Sunday 24 April 2016

33 weeks pregnant - Electronic Fetal Monitoring

Not a great week this week as Easter Monday we had to go to hospital. I hadn't felt baby move all Sunday night - usually it has a bit of a kick about whenever I get up to go to the bathroom or feed Cillian at 5:30am, but there was nothing.

By about 10am I was concerned. Nothing seemed to make baby move. I tried hunching down in positions that the baby had previously complained about, I poked it, I ate, I drank cold water and I asked SBB to talk to it. Nothing worked.

I was unloading the dishwasher, crying, afraid of what had happened to our baby. I managed to keep myself together enough to phone the hospital and they told me to come in. The lack of movement would have been scary enough but all SBB and I could think about was something that had happened the night before: his back was aching so he asked me to rub ibuprofen gel on his lower back before he headed out to football. I was massaging it in for about a minute before it struck me that it was ibuprofen. I washed my hands 4 times after I realised but by the next morning when the baby wasn't moving I began to get worried that I'd been affected by it.

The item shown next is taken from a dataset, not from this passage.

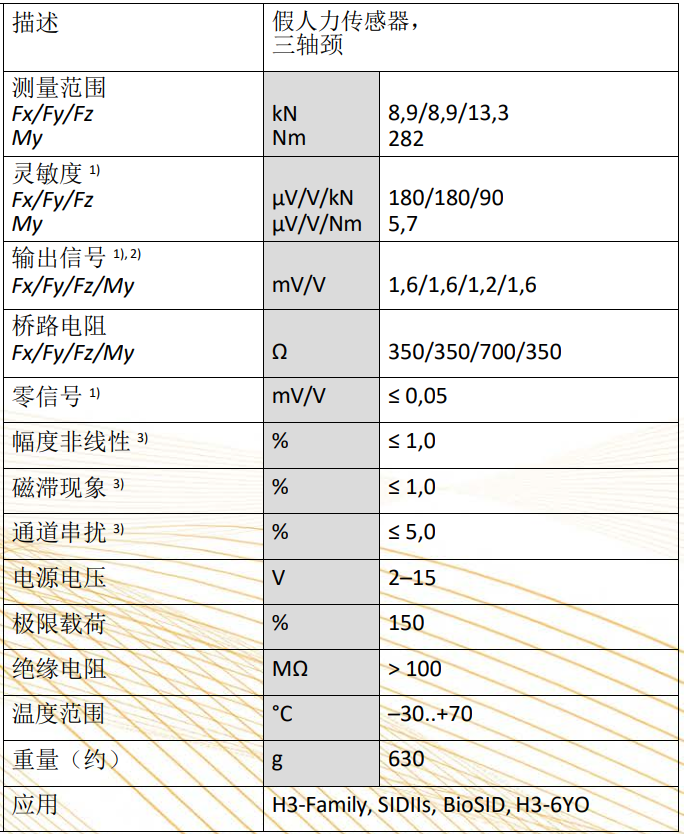 H3-5%,H3-50%,H3-95%,H3-6YO,H3-10YO,SIDIIs假人颈 部力传感器,四轴方向测量Fx,Fy,Mx,My,等同于FTSS型 号IF-256,量程Fx=Fy=8.9KN, Fz=13.3KN,My=282NM,非 线性≤1%,重量630g。

We got onto the ward and were shown to a bed. I was asked to give a urine sample (not in the bed!) which thankfully was in a dish and not the teeny tube such as the one I was given at my first scan. The midwife got out the fetal heart monitor and there it was - baby's heartbeat. Doing well.
She suggested that it had probably turned and was kicking at my back, which was why I couldn't feel it. She also suggested it was a boy as it was being difficult. A flattering attitude towards men, yet again.



I was doing fine - holding myself together - until she said "it's okay to burst into tears now" - and I promptly did.



The next day I was uncomfortable - I felt something like stitch but it was in the side of my bump, not my side - so it was uncomfortable to move, or sit down, or walk. However baby was moving well - lots of movement throughout the rest of the week.